“What does it matter? He looked at me.”

“Do you want to make me unhappy? No doubt he looked at you, why it may be he is going to speak to you. I told him that you were a relative of my mother, and that you had arrived from Genlis. He is a Franc-contois, and has never gone beyond Dôleon the Burgundy Road, so say what you like and fear nothing.”

Julien was still hesitating. Her barmaid’s imagination furnished her with an abundance of lies, and she quickly added.

“No doubt he looked at you, but it was at a moment when he was asking me who you were. He is a man who is boorish with everyone. He did not mean to insult you.”

Julien’s eye followed the pretended brother-in-law. He saw him buy a ticket for the pool, which they were playing at the further of the two billiard tables. Julien heard his loud voice shouting out in a threatening tone, “My turn to play.”

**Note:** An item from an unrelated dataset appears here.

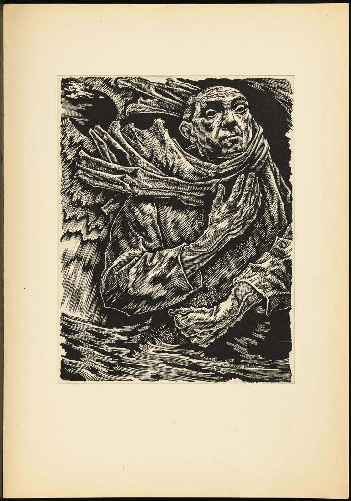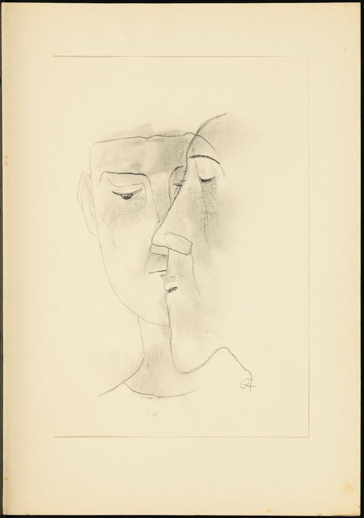 Portfolio with 21 facsimile collotype prints and 2 original prints from a total of 25 prints as a loose-leaf collection by 25 artists, including Carl Hofer, Karl Schmitt-Rottluff, Max Kaus and Gerhard Marcks; missing are no. 6 "Der Fuchs" by Renée Sintenis and no. 8 "Liebespaar" by Friedrich Stabenau, no. 13 "Männerkopf" by Hans Orlowski is a hand-signed original woodcut, no. 17 "Phantastisches Gerippe" by Karl Hartung is a hand-signed original lithograph; with typographical text booklet with imprint and table of contents, in original folder. Stock stains, folder with small defects.

He passed sharply before Madame Amanda, and took a step towards the billiard table. Amanda seized him by the arm.

“Come and pay me first,” she said to him.

“That is right,” thought Julien. “She is frightened that I shall leave without paying.” Amanda was as agitated as he was, and very red. She gave him the change as slowly as she could, while she repeated to him, in a low voice,

“Leave the café this instant, or I shall love you no more, and yet I do love you very much.”

Julien did go out, but slowly. “Am I not in duty bound,” he repeated to himself, “to go and stare at that coarse person in my turn?” This uncertainty kept him on the boulevard in the front of the café for an hour; he kept looking if his man was coming out. He did not come out, and Julien went away.